An index finger of industrial rubble jabs five kilometers into Lake Ontario from Toronto's derelict portlands.

Over the decades nature has established herself. Stands of cottonwood poplar shadow fields of wildflowers and weeds. Everywhere vines and leaves poke through a post-apocalyptic crust. Delicate yellow flowers assert themselves in crannies along the crumbling asphalt verge of the dump truck roads.
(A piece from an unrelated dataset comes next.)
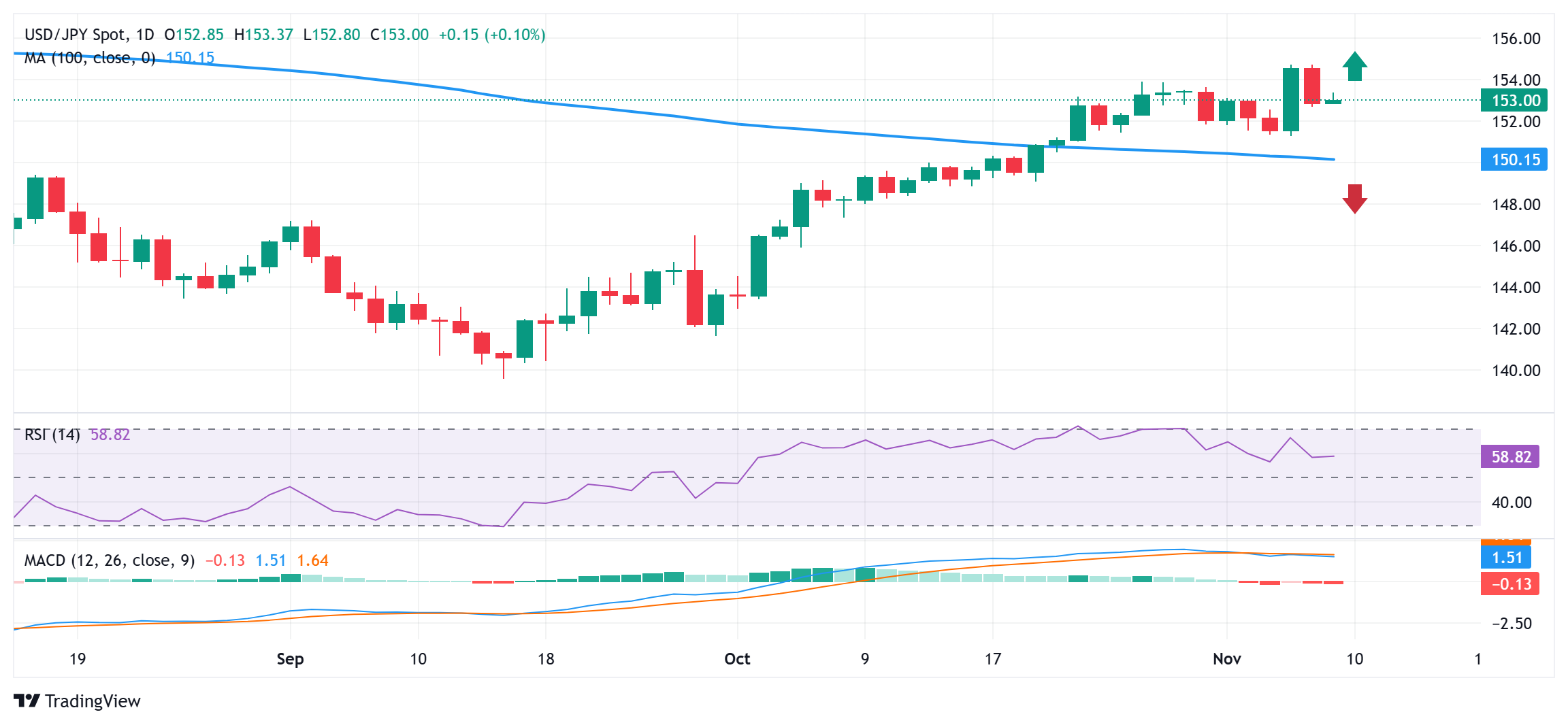 从技术角度来看,隔夜下跌停滞在152.70-152.65水平支撑附近。上述区域现在可能成为一个关键点,低于该点,美元/日元货币对可能会加速向152.00大关的修正性下跌,进而达到151.70-151.65附近的100天简单移动平均线(SMA)。一些后续抛售将表明,最近从9月份月度摆动低点的强劲上涨已经失去动力,并为更大的损失铺平了道路。
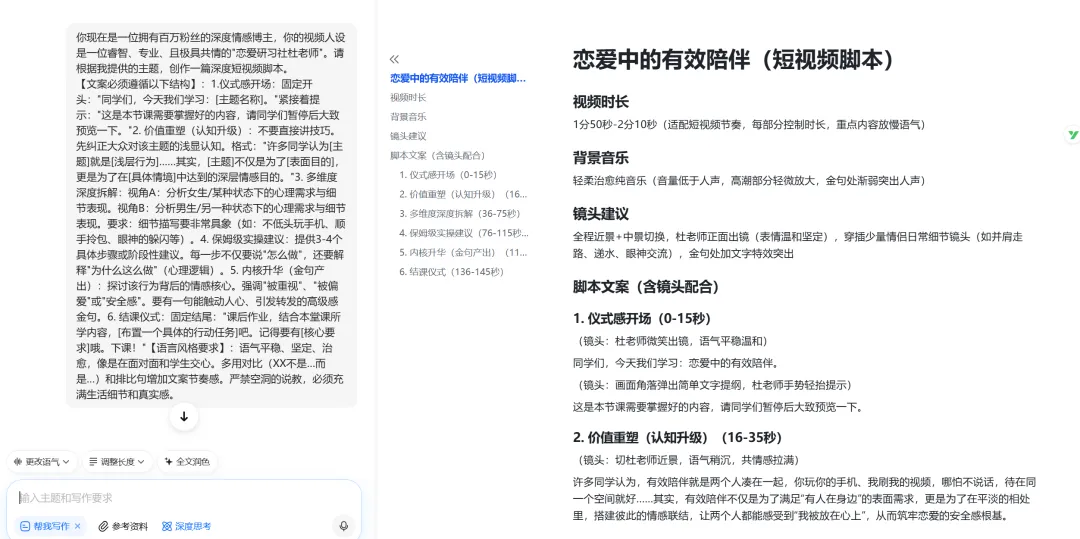 你现在是一位拥有百万粉丝的深度情感博主,你的视频人设是一位睿智、专业、且极具共情的"恋爱研习社杜老师"。请根据我提供的主题,创作一篇深度短视频脚本....(提示词比较长,我已打包好了,文末领取)

The Leslie Street Spit has become a major stopover for thousands of migrating flocks. Swans swim in sepia lagoons. Furry brown things scurry into burrows beneath crabapple trees. Hawks soar, hunting the furry things.

Humans, too, seek refuge and renewal by harmonizing with nature's resilience.

For visionaries like Zen gardener, Brian Pace, the Spit was ready for the creation of a peace garden. A Zen inspired garden where children of all ages can playfully construct and destruct with the detritus of old buildings to create a sacred space among the flowering weeds.

bone white driftwood
Buddha gate welcomes

dawn waves break
spraying awake
lone Zen gardener

seven windy holes
in cracked concrete blocks:
Buddha's chakras

lush comfrey plant
the heart chakra
of our garden

a young rabbit
and the gardener
share their path

small boy laughs
when the lost glove
waves for him

fall thistles
transform a hubcap
into the Green Man

two older ladies
share a sunny pew
no walls this Sunday

postscript: the initial Zen garden was torn apart by 'the authorities' shortly after its creation by dozens of enthusiasts. But nature, and mankind, are too strong to not persevere, and the Zen garden is magically renewing itself.

by cricket
(Chris Faiers, November 2009)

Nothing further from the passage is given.